Beyond Retrieval: Optimizing Relevance with Reranking

Retrieving a strong list of candidate items is just the first step—the real challenge is ranking them in the most relevant, personalized order for each user and goal. This post explores how reranking transforms basic search results or recommendations into truly optimized experiences, the technical hurdles of building high-performance reranking systems, and why mastering reranking is key to delivering better engagement, clicks, and conversions.

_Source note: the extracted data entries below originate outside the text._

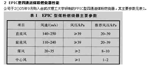 公司于2()05年9月購(gòu)入由武漢理工大學(xué)研制的FPIC型四通道煤粉燃燒器,其主要參數(shù)見(jiàn)表1。
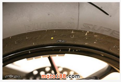 RSV4 RR使用了新一代的倍耐力 DIABLO SuperCorsa SP輪胎,這款輪胎也是眾多超級跑車的首選之一。前輪胎規格為120/70 ZR 17,后輪胎規格為200/55 ZR 17。
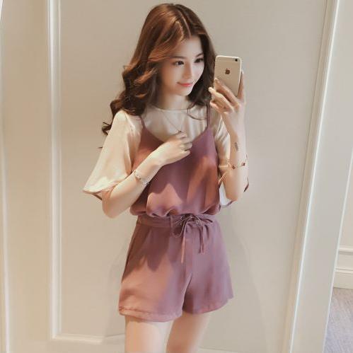 2017春夏季新款韩版雪纺衫+吊带背心休闲套装女装短裤时尚三件套
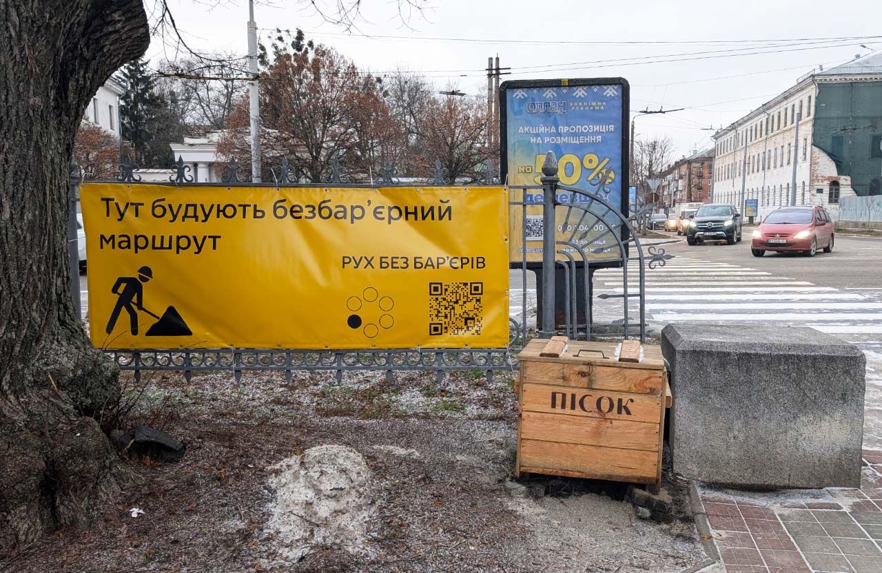 Через погодні умови в обласному центрі призупинили реалізацію першої черги безбар’єрного маршруту «Шлях ветерана», який презентували у травні минулого року. Наразі уклали тротуарну плитку біля Будинку зв’язку. Також роботи тривають біля Полтавської міської ради та поруч — у сквері й продовжать підготовку до укладання асфальту в Корпусному парку.
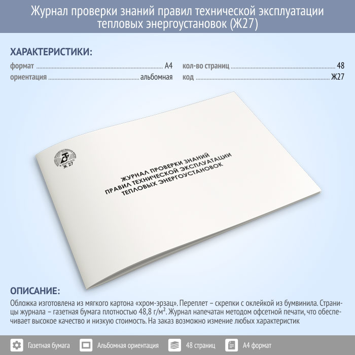Журнал проверки знаний правил технической эксплуатации тепловых энергоустановок (48 стр., Ж27) в Тюмени купить
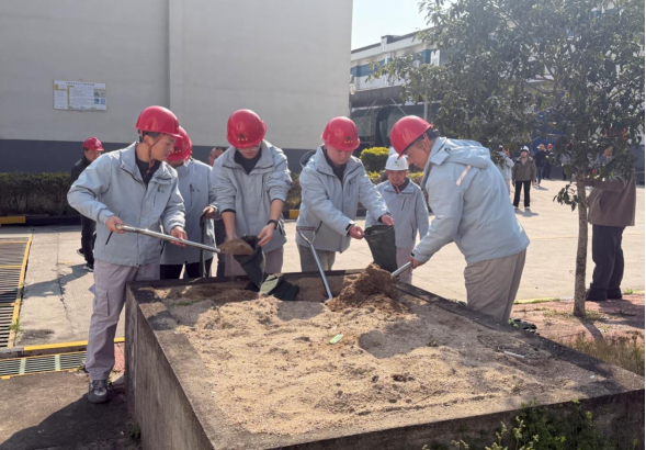 培训结束后,全员迅速转场至宁德直属库P33号仓开展现场防汛演练。演练模拟因强台风带来持续暴雨,库区面临雨水倒灌风险的紧急情况。演练总指挥一声令下,各应急小组迅速响应,分工协作,紧密配合。大家手持铁锹,争分夺秒地装填沙袋,并按照预定方案,将一袋袋装好的沙袋有序、整齐地堆砌在仓库大门关键部位,构建起一道坚实的防水屏障,有效阻断了“雨水”向仓内漫延的路径,成功保住了仓内“粮食”安全。
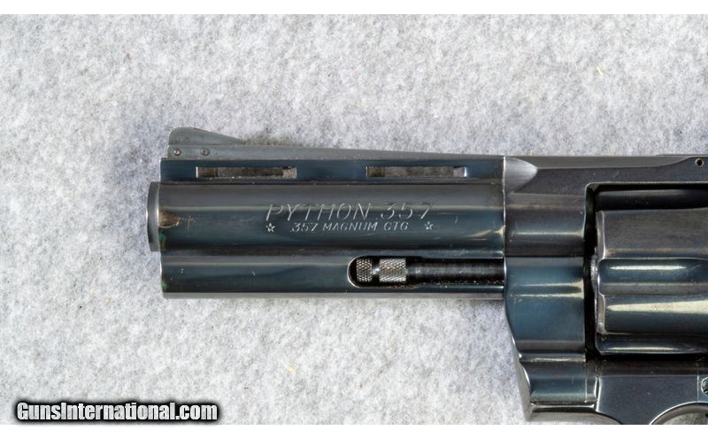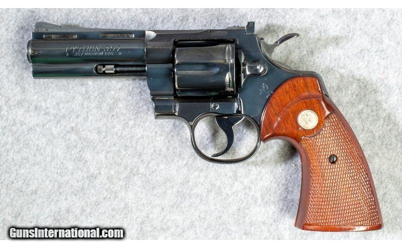 Description: 1972 Colt Python chambered in .357 Magnum. Blue and Bore are excellent, displaying only very minor handling marks. Wood is excellent. .357 Mag./ .38 Special SOLD Metal Condition: Excellent Wood Condition: Excellent Bore Condition: Excellent Barrels: 4" VR Barrel Butt Pad: Factory Colt Checkered Walnut Grips with Medallion Sights: "Fixed Front Blade, Adjustable Rear Item Location: short pump |

In the world of search and recommendations, getting a relevant set of candidate items is only half the battle. You might have a great keyword search engine pulling back documents, a rule-based system generating initial product suggestions, or even another recommendation model providing a baseline list. But are these candidates ordered in the best possible way for each individual user and your specific business goals? Often, the answer is no. The initial retrieval step might prioritize keyword density, broad category matches, or simple popularity, missing the nuanced signals of personal relevance.

This is where reranking comes in. Reranking takes a pre-existing list of candidate items and intelligently reorders them using more sophisticated models or objectives, such as deep personalization, optimizing for click-through rate, or balancing multiple goals. It allows you to leverage investments in existing retrieval systems while layering on powerful, context-aware optimization. However, building a custom, high-performance reranking system is a complex undertaking.

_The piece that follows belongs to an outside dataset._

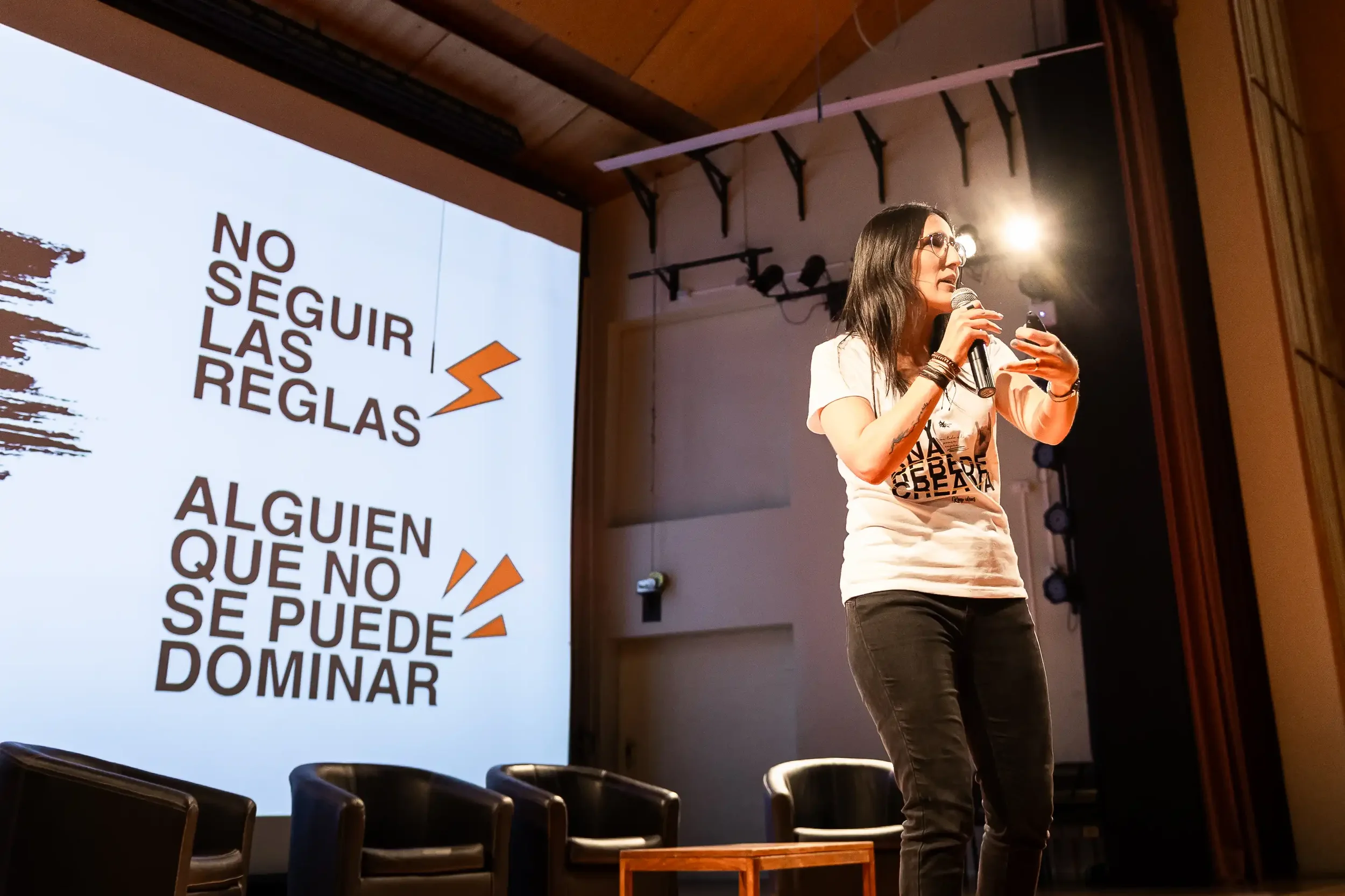 Mujer de cabello oscuro, gafas y camiseta blanca, hablando en un escenario con micrófono en la mano frente a una diapositiva que dice: 'No seguir las reglas. Alguien que no se puede dominar'.

The Standard Approach: Building a Custom Reranking Layer

Adding a sophisticated reranking layer on top of an existing candidate generation system typically involves these challenging steps:

Step 1: Candidate Generation (The Prerequisite)

  • Method: Use your existing system (e.g., Elasticsearch, Solr, a database query, a rules engine, a basic recommendation model) to generate an initial list of candidate item IDs based on the context (search query, user location, category page, etc.).
  • The Challenge: While this step is assumed complete, the quality and diversity of these candidates significantly impact the potential of the reranking step.

Step 2: Gathering Data for Reranking

  • Identify & Integrate Data Sources: For each candidate item, you need its features (metadata like category, price, publish date, text descriptions). You also need rich user interaction history and potentially real-time user context.
  • Data Joining & Feature Engineering: In real-time, fetch features for all candidates and combine them with user data to create input vectors for the ranking model. This often requires complex, low-latency data lookups and feature transformations.

The Challenge: Joining disparate data sources (candidate source, item catalog, user profiles, interaction logs) in real-time with low latency is a major engineering hurdle.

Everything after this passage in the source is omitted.